— Здравствуй, Ванечка! Скоро ли ужин?
— Здравствуй, Митя! Послушай: "Цветок к груди приколот, кто приколол — не помню. Ненасытим мой голод на грусть, на страсть, на смерть". Нравится?
— Чего это ты, помирать собралась, что ли? Да рановато в двадцать пять, вроде.
— Да ну тебя! Снова ничего не понял! Это же Цве-та-е-ва! — С придыханием.
— Да хоть Козьма Прутков! М-да, видимо, ненасытим мой голод на суп, десерт и хлеб.
— Не хлебом единым...
— Согласен. Ещё, как минимум, наваристым борщом и добрым куском мяса. Придумай что-нибудь, я зверски устал.
Иоанна надулась. Да, есть, конечно, нужно, но неужели борщ может быть дороже Марины Цветаевой? Это же смешно: борщ ты съел — и он, так же, как и любая другая еда, прошёл через тебя и вышел естественным путём. А Цветаева, Ахматова, Гумилёв — это же вечно! В тот перестроечный год они хлынули на книжный рынок мощным потоком, и начинающий литератор Иоанна Григорьевна Корзунова (в отстутствие записи о браке в паспорте так и жила под девичьей фамилией) взахлёб открывала для себя этих авторов.
Когда через пятнадцать минут, вымыв руки и переодевшись, новоиспечённый кандидат химических наук Дмитрий Бортницкий вошёл в кухню, его жена сидела с ногами на маленьком диванчике, склонясь над какой-то книгой, а на плите из единственной кастрюли валил белый столб пара.

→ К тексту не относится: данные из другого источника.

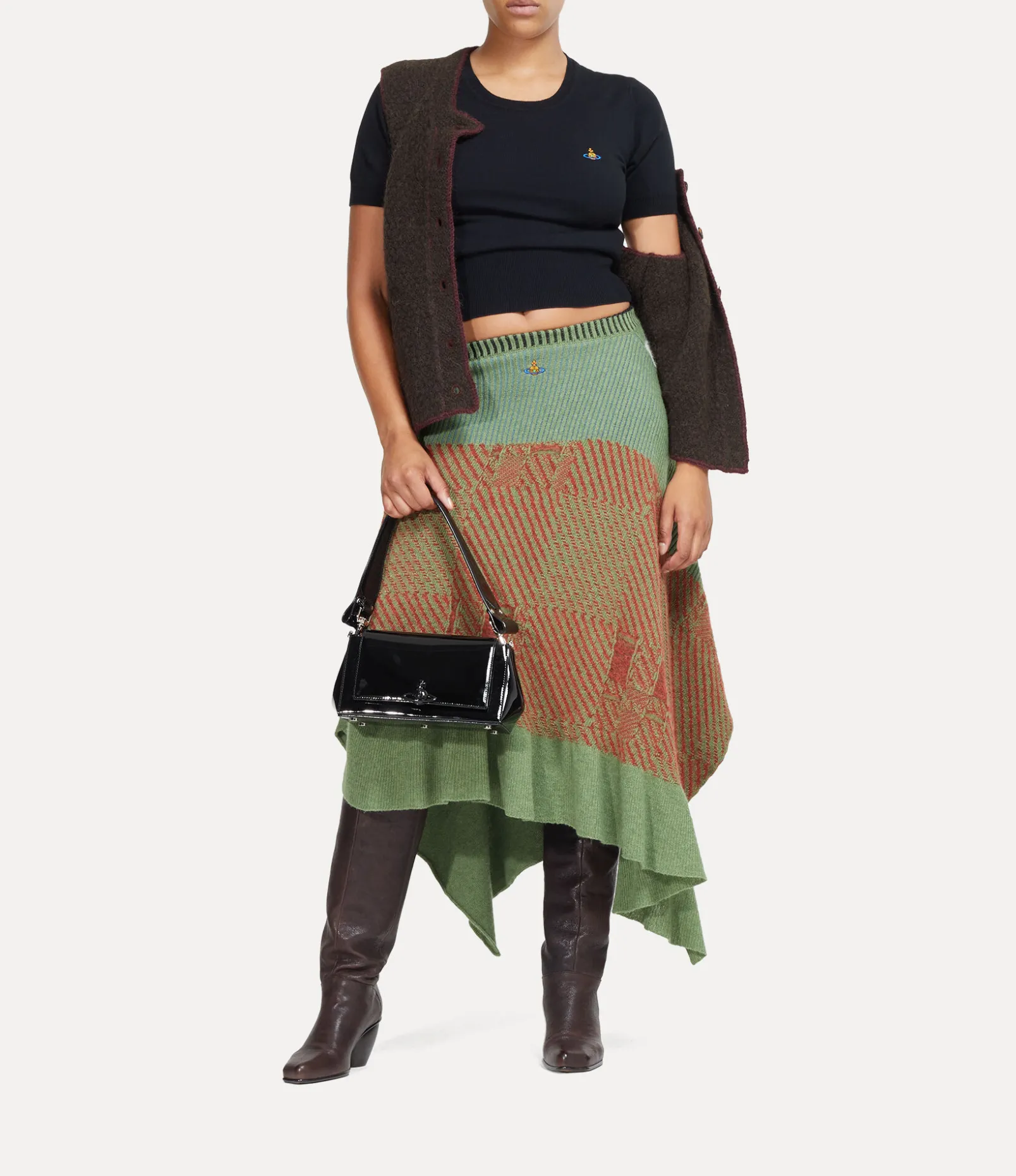 Our Medium Hazel handbag features an all-over patent finish, reminiscent of the liquid latex and rubberwear sold in our iconic SEX boutique, now known as Worlds’ End. The piece is enhanced by our enamel orb branding on the magnetic fastening, evoking Vivienne’s vision of launching tradition into the future, complete with a soft cotton lining.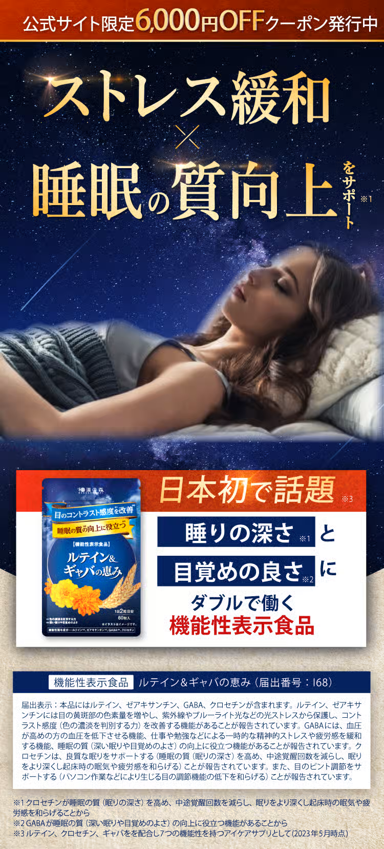 | ルテイン&ギャバの恵み | 目と睡眠をWケア。ストレス軽減にも◎ | 夜遅くまでスマホ・PCを使う人 |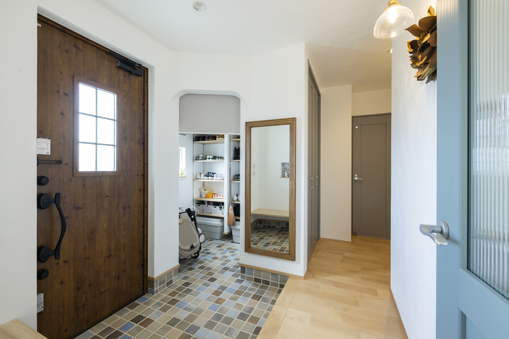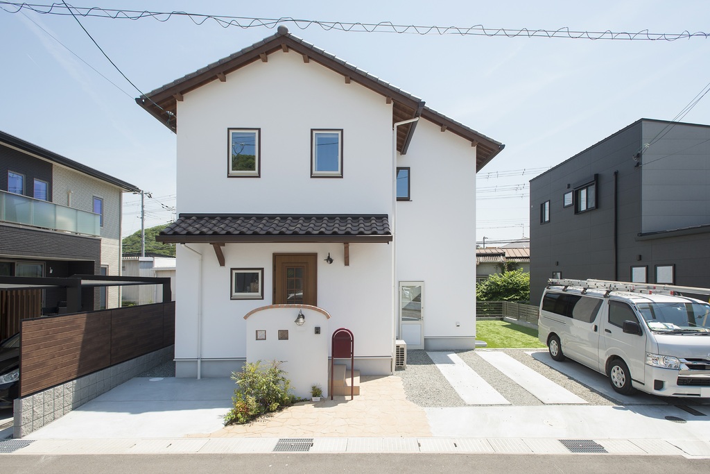 ブラウンの洋瓦の三角屋根に、しっくいの真っ白な外壁の映える、大人可愛い外観のお家がこの度完成しました。

— Ну, что там на ужин? — Товарищ кандидат заглянул в кастрюлю. — Горячая вода, да? Наверное, это очень вкусно! Последний писк кулинарного искусства! И моя Ванька так утрудилась, готовя этот деликатес!
Встретился с недобрым взглядом жены. Ответил таким же. Игра в гляделки продолжалась довольно долго, потом Иоанна сказала отсутствующим голосом:
— Брось туда макароны.
— Э, дорогая, так ведь мы вчера последние доели. Не те сейчас времена, чтобы макароны каждый день есть. Да и вода почти вся выкипела.
— Ну и ничего. Поедим, что есть. С голоду не сдохнем — и слава Богу!
"Чем есть" оказался хлеб, яблоки и немного просроченные шпроты. Конечно, оба супруга были из богатых семей, но перестройка заставила обоих туже затянуть пояса.
Дмитрий как мог попытался объяснить жене:
— Ванька, я тебя очень люблю. Именно поэтому хочу жить с тобой, а не с Мариной Цветаевой. Она, говорят, была истеричкой.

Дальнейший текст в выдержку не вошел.